All affairs have some sexual component. But the Betrayer should be honest—is the affair mostly about sex, or mostly about emotional adventures? A lot of affairs are about intimacy and feeling connected, honored, known, and celebrated, and the sex at the affair’s beginning is just the gateway to those other things

 

Can you stop someone from cheating?

Yes and no. You can’t “prevent” someone from betraying you again. They either choose to be faithful or they don’t. If they want to be unfaithful, all the monitoring in the world won’t stop them.

Instead, how prevent infidelity is by building a relationship that is satisfying, nurturing and need satisfying for both people so that people want to choose the relationship. This is not done through punishing behaviors, but rather exploring what people need to be satisfied and happy in a relationship so that they want to choose this relationship over all others. This is the process that a professional counsellor helps couples explore, develop and build.

Telling the kids about a Parent’s Infidelity

Unfortunately a number of Betrayeds tell their kids that the other parent has betrayed them. This is not help to your relationship and definitely not helpful to your children. Your marital difficulties or broken heart are not your kids’ problem. No, the kids don’t “deserve” to know “what kind of person” their mom or dad is. Remember your children are made up of both of you and saying anything bad about one parent is the same as saying that bad thing about the child him/herself.

The Process to Recovering from Infidelity

It is possible to recover from infidelity and go on to have an even better marriage than prior to the infidelity.
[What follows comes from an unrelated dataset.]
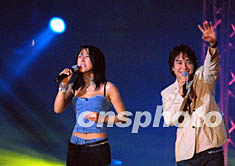央视《同一首歌》——“今宵欢乐”走进深圳 2002年05月01日 21:21 ![]() 四月三十日晚,中央电视台《同一首歌》——“今宵欢乐”大型演唱会在深圳欢乐谷水上梦幻舞台举行,来自两岸三地的明星联袂演出。图为台湾歌星邰正宵与大陆歌星孙悦一起演唱《好人好梦》。作者: 陈文

The Betrayed’s desire to express his/her feelings is understandable and legitimate. On the other hand, if there’s any desire for reconciliation, expressing feelings has to be done in a way that allows for the Betrayer’s feelings and reality. Those two conflicting impulses—to express pain and to maintain respect and even empathy—are difficult to manage. Counselling can help provide a framework to work through these conflicting emotions.
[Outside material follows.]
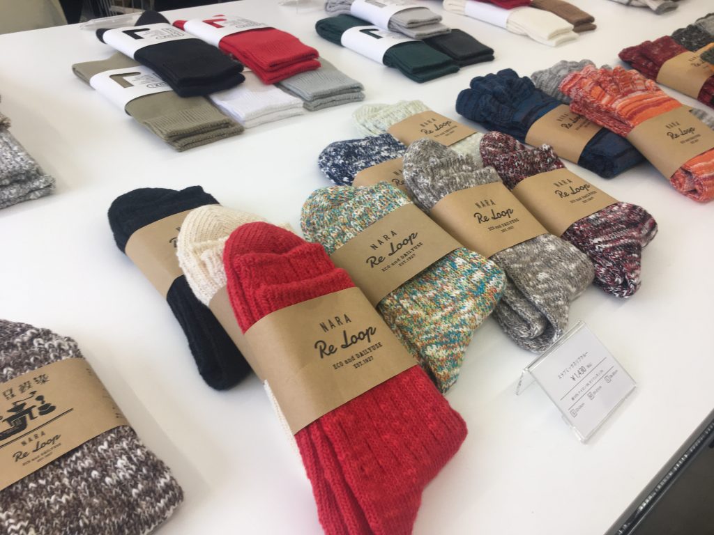 午前中には、信貴山縁起絵巻で有名なあの「信貴山」を参詣。昼食には法隆寺の目の前までバスを走らせ、炊きたての釜飯に舌鼓をうつ。そして、いよいよ奈良県広陵町へ。靴下づくりの舞台である。バスで走ると、こじんまりとした工場がいくつか見えてきた。じつは、国内で作られる靴下の6割は奈良県産。そのうちの1/3が広陵町が担っている。広陵町とは、靴下の町なのである。

The Betrayed often has a desire to know all the details about the affair and the affair person. However, as with other controlling information, most of the time the information is designed to make the betrayed person feel in control. Rarely is the information gained used in a wholesome or helpful way and often results in more pain for the Betrayed person and the relationship.
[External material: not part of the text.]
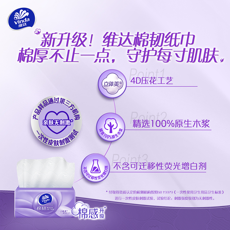【超定制】维达棉韧压花抽纸3层S码家用纸巾实惠整箱装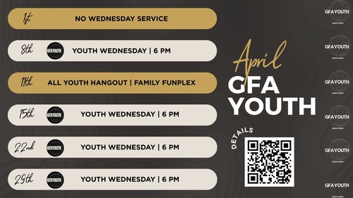 GFA Youth meets on Wednesday nights during MIDWEEK, which operates on a semester schedule. Check the church events calendar to see when MIDWEEK is happening next!

What are your Reasons to Reconcile?

Particularly if there aren’t small children involved, couples need to really think through their reasons for reconciliation. The therapist is often the only person either party knows who’s neutral on the issue. This is often very helpful in providing a neutral place for people to sift through what do they really want to do and what is realistic and sustainable.

Before people agree to reconcile after an affair, they should describe what relationship they each want to have. It’s rare that both people say ‘yes, I want to return to exactly the relationship we had before the affair was exposed.’ If two people discover they can’t agree on what relationship they want to have, there’s nothing to reconcile. Counselling can help couples work through these very emotional issue.

Making the Decision to Reconciliation

When one person is considering whether to attempt reconciliation, they often want to know HOW this will be accomplished. But you don’t need to know that in order to decide whether to reconcile. First you have to decide you want to. Then we’ll discuss strategy. Counselling helps couples explore if there is one relationship both parties can happily agree to in order to see if they want to. Counselling isn’t necessarily a commitment that you will reconcile, it may be the first step in deciding if you want to proceed to reconcile.